STARS also contributed their communications centre, allowing hospital staff to stay in constant communication as the situation unfolded.

“Knowing how busy volumes are, the three emergency and acute centres in Saskatoon all pulled together to be able to efficiently care for the patients coming in that were quite critical,” she said.

“Everyone worked well together, right from entry through to ICU, emergency, the operating room, right up to the unit. A lot of credit to our teams who came in and helped to care for patients that came through our doors.”

Dr. Susan Shaw, a chief medical officer with the health authority in Saskatoon, said medical professionals from across Saskatchewan came together to free up space in the Saskatoon emergency rooms and units.

“While we were seeing a lot of important work being done in Saskatoon, hospitals across the province were able to pitch in and help take on additional patients so there would be capacity. I’m very proud of that,” she said.

“I really did see physicians and teams come together. There were immediate offers of support as soon as the news went out.”

One of those physicians working through the night was Dr. Hassan Masri. He posted his account to Facebook before speaking to several news outlets. He described the night as the “longest, worst and most tragic” of his career.

“Meeting each family and explaining the extent of each injury was nothing short of a painful exercise of cruelty.”

Masri thanked the ER nurses first and foremost, for saving many and comforting hundreds of others. He also thanked the physicians, from surgeons to specialists, who came into work, or called in and insisted that they be called in if they could help. He thanked respiratory therapists, the health authority, social workers and everyday residents who helped beyond what would normally be expected.

“May this be my first and final Code Orange,” he wrote. “Never want to see what I saw again. What an honour to know that you all have helped save a large number of lives. Thank you everyone and may those painful hours be followed by many many hours and days of healing.”

That healing will be necessary for so many, from the families and friends of those involved in the collision to the first responders, doctors and nurses who helped so many that night.

According to Tracy Muggli, director of mental health and addictions services for the Saskatchewan Health Authority in Saskatoon, that work is underway.

“We’ve been working closely with a community-based organization … in Humboldt, compiling resources together,” she said.

“There’s about a dozen people at the Humboldt centre qualified to provide psychological support.
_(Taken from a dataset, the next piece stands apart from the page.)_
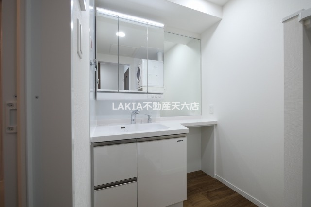 「ノルデンタワー南森町アドバンス」の洗面台は、デザイン性と実用性を兼ね備えた使いやすい空間です。ゆとりあるカウンターは身支度やスキンケアを快適に行え、忙しい朝もスムーズ。収納力の高いミラーキャビネットと下部収納を備え、化粧品や洗面用品をすっきり整理できます。清潔感のある素材と落ち着いたカラーリングが、空間全体に上質な印象をプラス。毎日使う場所だからこそ、快適さを実感できる洗面スペースです。

We also have supports at our Saskatoon hospitals for those needing supports for their loved ones.”

Further supports have been put in place for medical staff in Saskatoon and in the rural areas where they first cared for the victims. Specialized trauma councillors are being made available for school partners across the province if needed.

A renowned expert in trauma within the school setting was en route to Humboldt Saturday afternoon. Kevin Cameron also provided support after the La Loche shooting.

While the players live, work and go to school within Humboldt during the hockey season, they come from across western Canada. Many others within Saskatchewan and beyond have experienced emotional responses to the crash.

“We have been getting calls, even nationally, from those who have been emotionally impacted by this incident, not because they have direct association, but because they’ve been triggered,” Muggli said.

“We’ve asked them to please contact their local health authority or call the health line at 811.”

For families needing assistance accessing food or accommodations while tending to their loved ones in Saskatoon, the Red Cross and Emergency Social Services are providing blankets, hygiene products, teddy bears, support for lodgings and support for meals.